Читать книгу Очень личное. 20 лучших интервью на Общественном телевидении России - - Страница 5
Борис Алёшин:
«Все регулирование в авиации построено буквально на крови…»
ОглавлениеСправка:
Борис Сергеевич Алёшин (1955 г.р.) – доктор технических наук, академик РАН, зампред «Союза машиностроителей России». В прошлом – вице-премьер правительства РФ, руководитель АвтоВАЗа, ЦАГИ им. Жуковского.
Виктор Лошак: Борис Сергеевич, вы были вице-премьером по промышленности, вы руководили АвтоВАЗом, ЦАГИ имени Жуковского. И мы с вами, надеюсь, поговорим и о самолетах, и об автомобилях. Но сначала я хочу вернуться к далеким уже 2003–2004 годам, когда вы в правительстве отвечали за административную реформу. А до вас административной реформой еще занимались Греф и Козак, и не они одни. Как вы думаете, почему ни одна административная реформа у нас не была доведена до конца?
Борис Алёшин: На мой взгляд, такова объективная реальность. Любая реформа должна быть, во-первых, вовремя. Очень часто бывает так, что замышляется какая-то реформа с определенными параметрами, а время ее не подошло. Но тем не менее она идет. Одновременно же с этим меняются изначальные условия, которые определяются, конечно, политическим вектором в развитии страны. Премьер-министр Михаил Мишустин тоже начал с реформы, тоже борется с последствиями давления административной системы на малый и средний бизнес…
В. Л.: Через цифровизацию?
Б. А.: Разные могут быть приемы, и нет панацеи.
Ни цифровизация, ни секвестр-функции, ни уменьшение нагрузки за счет снижения задач по контролю и надзору со стороны государства – по отдельности ни один из этих методов не является панацеей. Конечно, должен применяться комплекс мер.
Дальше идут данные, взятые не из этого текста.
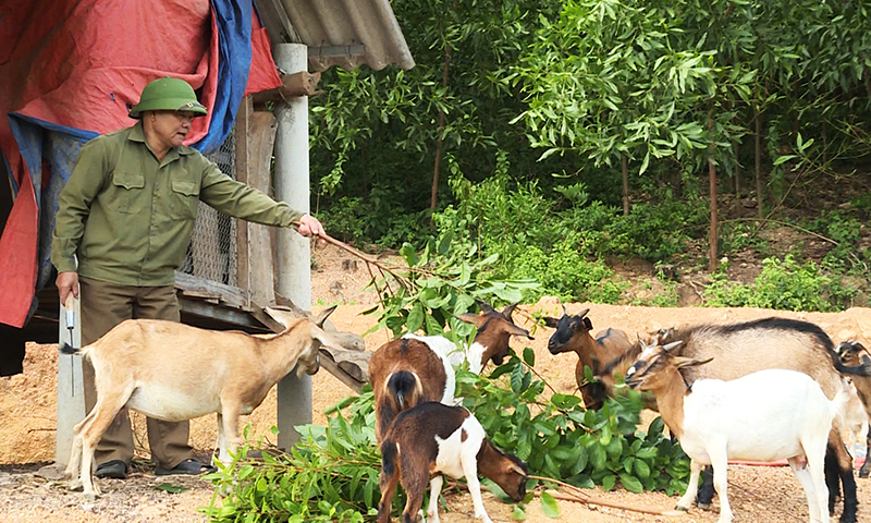Chia sẻ với chúng tôi về thành quả sau nhiều năm cần cù lao động, ông Thủy bồi hồi nhớ lại quãng thời gian đầy gian khó: Năm 1988, ông hoàn thành nghĩa vụ quân sự và phục viên trở về quê hương. Điều kiện địa phương và gia đình khi ấy còn nhiều khó khăn nên mọi thứ thiết yếu phục vụ đời sống, sản xuất còn thiếu thốn. Nhưng những năm tháng chiến đấu gian khổ không cho phép ông cam chịu với cuộc sống nghèo khó. Sau khi tìm hiểu, nhận thấy địa phương còn nhiều diện tích đất chưa được khai hoang, ông quyết định phát triển kinh tế gia đình từ vườn, rừng kết hợp chăn nuôi.

В. Л.: Я вам напомню ваши слова. Вы тогда говорили: «Количество министерств и ведомств должно быть минимизировано. Из пяти тысяч ста функций власти около тысячи можно сократить. Устранить избыточное вмешательство в экономику». Эти цели оказались ложными?
Б. А.: Они не были ложными, но в процессе исполнения самой реформы менялась структура экономики. И если в 1990-е годы, как бы они ни были сложны, экономика все же в большей степени не была огосударствлена и было очень большое количество частного бизнеса, то постепенно государство крепло, выстраивались бюджетная и налоговая системы. У государства появлялся ресурс в целом ряде отраслей, где еще недавно не было бюджетного финансирования: в авиации, космосе, оборонной промышленности. Окрепшее государство начало исполнять свои обязанности в полной мере. И, конечно, любое подобное обязательство должно подлежать контролю. С одной стороны, задуманная реформа в начале 2000-х при наличии большого частного сектора в экономике, в том числе и промышленности, предполагала высвобождение определенного ряда функций – и контрольно-надзорных, и других. Но с другой стороны, пришли новые инвестиции со стороны государства, и их нужно было контролировать. То есть мы оказались в противоречивом положении.
В. Л.: Понятно, развитие государства обогнало развитие реформ.
Б. А.: Да.
В. Л.: А вот так вы не очень давно оценивали ситуацию: «Коррупция стала частью государственной машины, т. к. она позволяет оптимизировать ее работу». Почему же коррупция оптимизирует работу государственной машины?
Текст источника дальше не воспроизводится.